* YOUR INSTRUCTIONS *
Once the line containing "Use frames with" is located in the records below, repeat it and all lines that follow it exactly, leaving out any picture.

* DATA TO PROCESS *
***

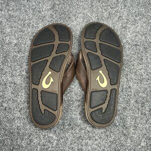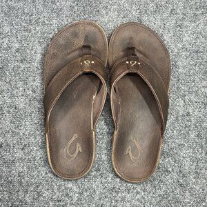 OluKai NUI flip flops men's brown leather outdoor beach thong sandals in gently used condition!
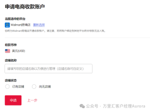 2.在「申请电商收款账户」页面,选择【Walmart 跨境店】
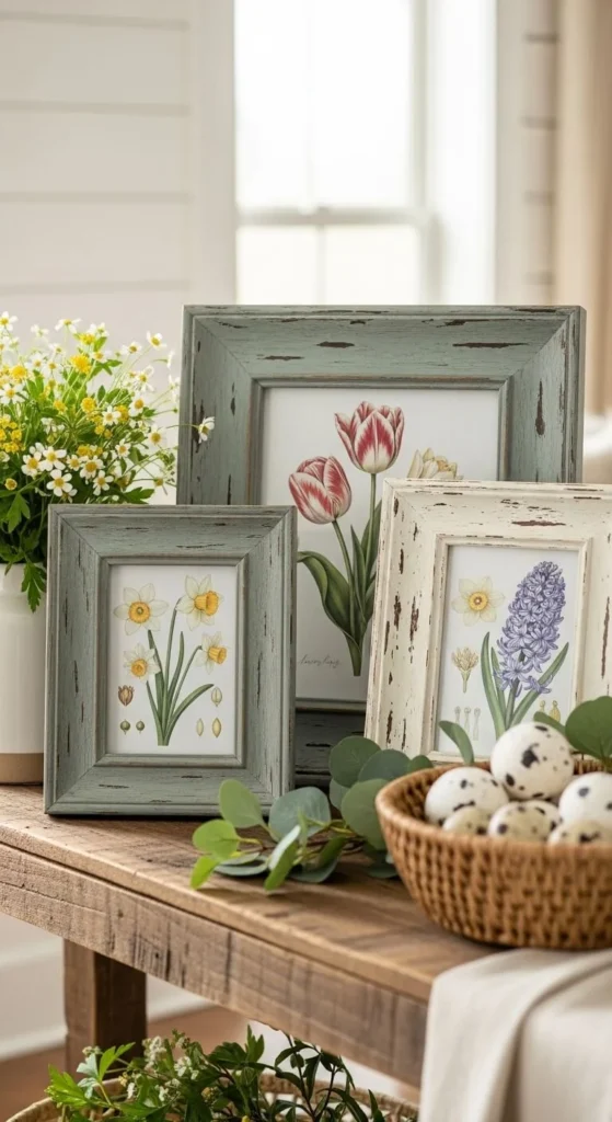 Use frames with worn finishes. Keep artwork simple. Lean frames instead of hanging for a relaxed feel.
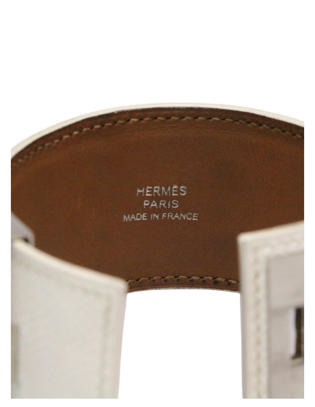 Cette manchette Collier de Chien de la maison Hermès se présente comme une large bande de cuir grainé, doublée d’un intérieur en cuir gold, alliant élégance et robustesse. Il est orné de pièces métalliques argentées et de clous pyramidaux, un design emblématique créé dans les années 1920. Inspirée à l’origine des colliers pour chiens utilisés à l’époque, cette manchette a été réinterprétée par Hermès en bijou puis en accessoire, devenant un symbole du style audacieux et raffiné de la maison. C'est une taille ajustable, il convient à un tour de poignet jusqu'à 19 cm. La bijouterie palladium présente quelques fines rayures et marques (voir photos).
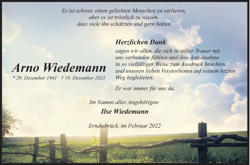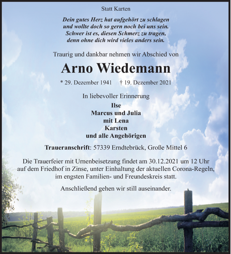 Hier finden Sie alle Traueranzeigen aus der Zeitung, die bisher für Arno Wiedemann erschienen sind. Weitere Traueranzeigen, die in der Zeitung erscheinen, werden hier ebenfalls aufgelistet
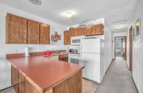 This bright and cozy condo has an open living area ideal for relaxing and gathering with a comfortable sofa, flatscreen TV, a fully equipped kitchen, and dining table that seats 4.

***

* SOLUTION TO THIS EXERCISE *
 Use frames with worn finishes. Keep artwork simple. Lean frames instead of hanging for a relaxed feel.
 Cette manchette Collier de Chien de la maison Hermès se présente comme une large bande de cuir grainé, doublée d’un intérieur en cuir gold, alliant élégance et robustesse. Il est orné de pièces métalliques argentées et de clous pyramidaux, un design emblématique créé dans les années 1920. Inspirée à l’origine des colliers pour chiens utilisés à l’époque, cette manchette a été réinterprétée par Hermès en bijou puis en accessoire, devenant un symbole du style audacieux et raffiné de la maison. C'est une taille ajustable, il convient à un tour de poignet jusqu'à 19 cm. La bijouterie palladium présente quelques fines rayures et marques (voir photos).
 Hier finden Sie alle Traueranzeigen aus der Zeitung, die bisher für Arno Wiedemann erschienen sind. Weitere Traueranzeigen, die in der Zeitung erscheinen, werden hier ebenfalls aufgelistet
 This bright and cozy condo has an open living area ideal for relaxing and gathering with a comfortable sofa, flatscreen TV, a fully equipped kitchen, and dining table that seats 4.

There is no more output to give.